Function utf8RawUrlDecode ($ source)
{
$ DecodedStr = "";
$ Pos = 0;
$ Len = strlen ($ source );
While ($ pos <$ len ){
$ CharAt = substr ($ source, $ pos, 1 );
If ($ charAt = '% '){
$ Pos ++;
$ CharAt = substr ($ source, $ pos, 1 );
If ($ charAt = 'u '){
// We got a unicode character
$ Pos ++;
$ UnicodeHexVal = substr ($ source, $ pos, 4 );
$ Unicode = hexdec ($ unicodeHexVal );
$ Entity = "& #". $ unicode .';';
$ DecodedStr. = utf8_encode ($ entity );
$ Pos + = 4;
}
Else {
// We have an escaped ascii character
$ HexVal = substr ($ source, $ pos, 2 );
$ DecodedStr. = chr (hexdec ($ hexVal ));
$ Pos + = 2;
}
} Else {
$ DecodedStr. = $ charAt;
$ Pos ++;
}
}
Return $ decodedStr;
}
  

Contact Us

The content source of this page is from Internet, which doesn't represent Alibaba Cloud's opinion; products and services mentioned on that page don't have any relationship with Alibaba Cloud. If the content of the page makes you feel confusing, please write us an email, we will handle the problem within 5 days after receiving your email.

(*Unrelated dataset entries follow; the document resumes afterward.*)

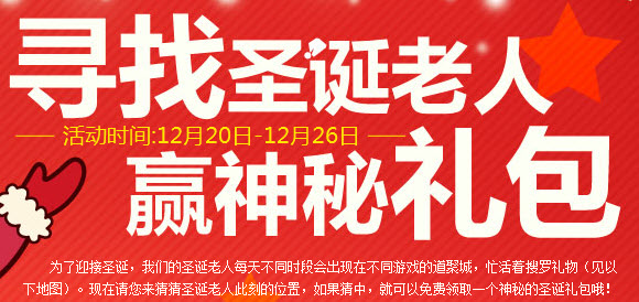 为了迎接圣诞,我们的圣诞老人每天不同时段会出现在不同游戏的道聚城,忙活着搜罗礼物(见以下地图)。现在请您来猜猜圣诞老人此刻的位置,如果猜中,就可以免费领取一个神秘的圣诞礼包哦!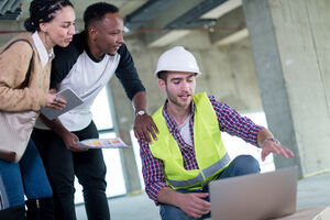 Middle Eastern woman and Black man standing and leaning forward talking to caucasian male architect crouching showing plans using laptop inside the building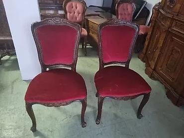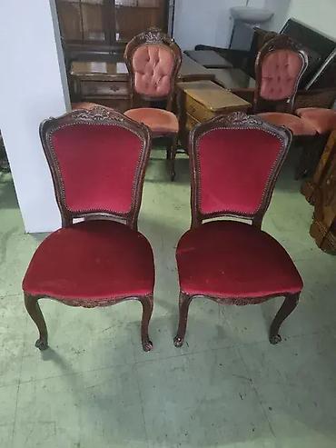 Tapacirane trpezarijske stolice – bež/peščana nijansa - Dizajn: zaobljena školjkasta forma sa elegantnim prošivom u šari lista na naslonu. - Materijal: mekana, baršunasta tkanina prijatna na dodir...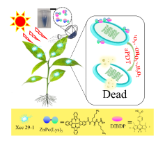 在这项研究中,本中心的博士生蒋利宾将光动力方法应用到农业抗菌领域中,提供一种低毒、高效的植物病害防治用复合抗菌药剂。有机光敏剂硼二吡咯亚甲基(BODIPY)的衍生物在540 nm附近具有最大吸收光谱,接近在海平面条件下的太阳最大辐射波长 (520 nm),因此可以利用太阳光直接产生活性氧杀灭病菌,而且,光敏剂的用药量是铜类化学农药用药量的不到10%!同时,酞菁作为复合抗菌药剂的佐剂,提高了BODIPY衍生物的光稳定性。

If you find any instances of plagiarism from the community, please send an email to: info-contact@alibabacloud.com and provide relevant evidence. A staff member will contact you within 5 working days.

A Free Trial That Lets You Build Big!

Start building with 50+ products and up to 12 months usage for Elastic Compute Service

  • Sales Support

    1 on 1 presale consultation

  • After-Sales Support

    24/7 Technical Support 6 Free Tickets per Quarter Faster Response

  • Alibaba Cloud offers highly flexible support services tailored to meet your exact needs.